On 19 April 1944, Tuluran departed the U.S. West Coast to return to the South Pacific Ocean and duty shuttling cargo between bases in the rear areas of the war zone. She stopped at Pearl Harbor from 29 April to 2 May and returned to Tutuila on 13 May.

This time, however, she only remained overnight and, the following day, resumed her voyage. The cargo ship reached the New Hebrides Islands on the 21st. Eight days later, Tuluran departed Espiritu Santo to deliver cargo to the southern Solomon Islands. She reached Guadalcanal on 5 June and remained there until the 20th when she headed back to the New Hebrides, arriving at Espiritu Santo on 3 July. She remained until early August when she moved to the New Guinea area where she operated from 17 August until the beginning of October, when she steamed via Espiritu Santo to the Solomons. After serving at Guadalcanal until mid-November, the ship made her first voyage to the Central Pacific.

Following visits to Saipan in the Mariana Islands and to Peleliu in the Palau Islands, she returned to the southwestern Pacific in mid-December. She visited the Russell Islands subgroup in the Solomons from 17 to 19 December and spent a month at Nouméa, New Caledonia, from 24 December 1944 to 24 January 1945, before returning to Espiritu Santo on the 27th. She departed the New Hebrides once more on 19 February and headed back to the Solomon Islands, where she operated for the next two months. During that tour of duty, she returned to Guadalcanal first and then visited the Treasury Islands subgroup, Bougainville, the Green Islands, and the Russell Islands again as well as making a side trip to Emirau Island.
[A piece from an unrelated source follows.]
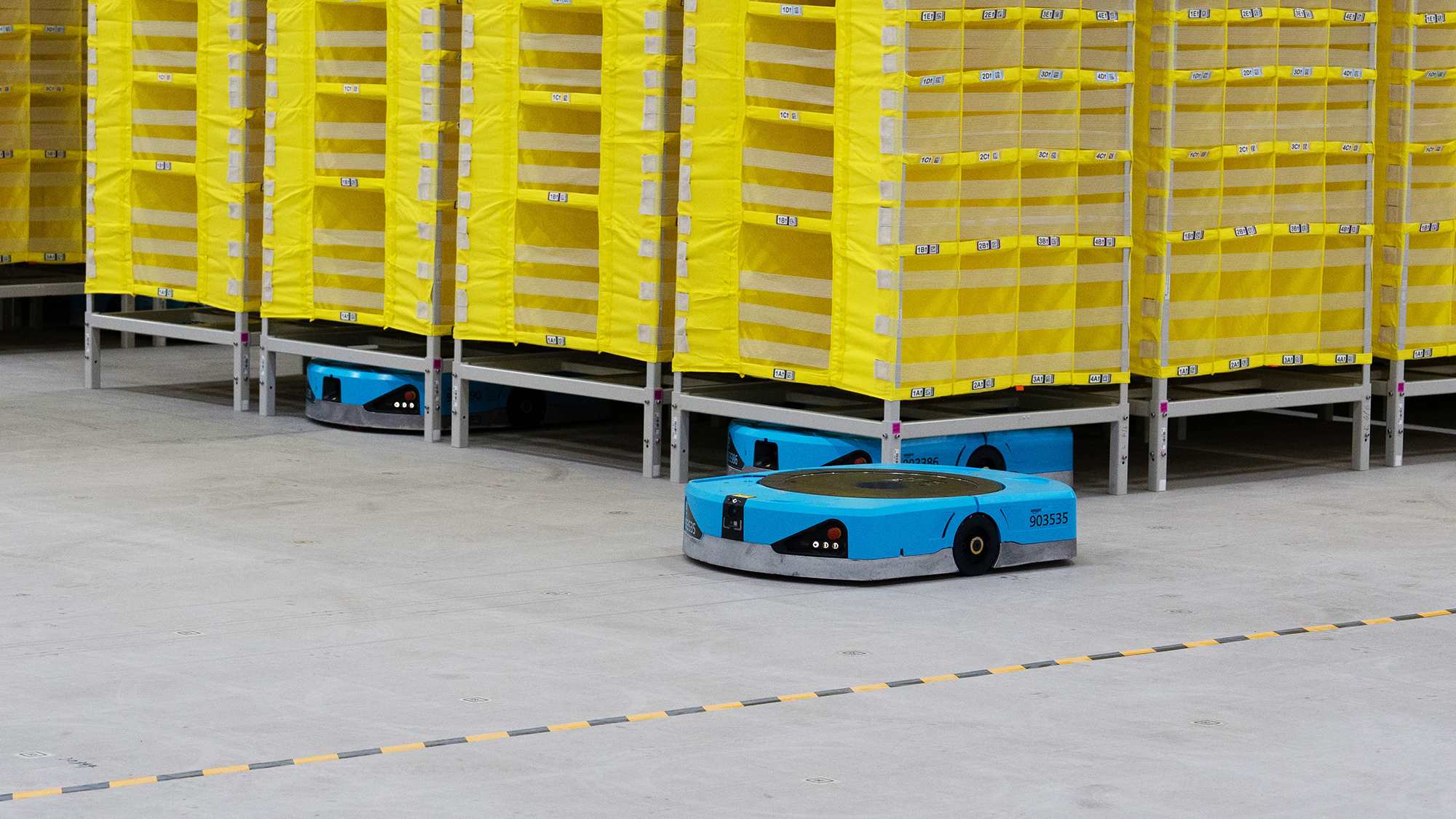 千葉みなとFCの2〜4階部分は、入荷した商品の棚入れやお客様から注文があった際に商品の棚出しを行う商品保管フロアです。中心部の広いスペースではAmazon Robotics(アマゾン・ロボティクス、通称AR)のテスト運転が行われていました。ARとは、「ポッド」と呼ばれる黄色い商品棚を「ドライブ」というロボットが持ち上げ、作業する人が待つ作業場、「ステーション」まで棚を運ぶAmazonの先端テクノロジーです。ロボットが商品の運搬を行うことによって、人が商品を探して歩く作業の負担が軽減されます。千葉みなとFCにはドライブ約2,600台、ポッド約3万台が導入され、AR導入拠点としては日本最大規模となります。

On 3 April, the cargo ship departed the Russell subgroup and headed back to the Central Pacific. For the remainder of the war, Tuluran carried cargo between the American bases and anchorages established at various atolls in the Marshall Islands, the Caroline Islands, and the Mariana Islands. Her itinerary over the last five months of the war included Eniwetok, Ulithi, Peleliu, Guam, and Saipan. On 8 August, a week before the cessation of hostilities, Tuluran stood out of Eniwetok bound for Hawaii. Japan capitulated a week before the ship arrived in Pearl Harbor. Tuluran spent three days at Oahu and then continued her voyage east on 24 August.

== Post-war dispositioning ==
On 3 September, she entered San Francisco; and, on 20 December 1945, Tuluran was decommissioned. She was stripped of usable materiel at Mare Island Naval Shipyard. Her name was struck from the Navy List on 8 January 1946, and the Commandant, 12th Naval District, turned her over to the U.S. Maritime Commission for final disposition on 1 July 1946. The ship entered the Suisun Bay Reserve Fleet on 30 June 1946 and on 7 January 1947 purchased by American Iron & Metal and subsequently scrapped.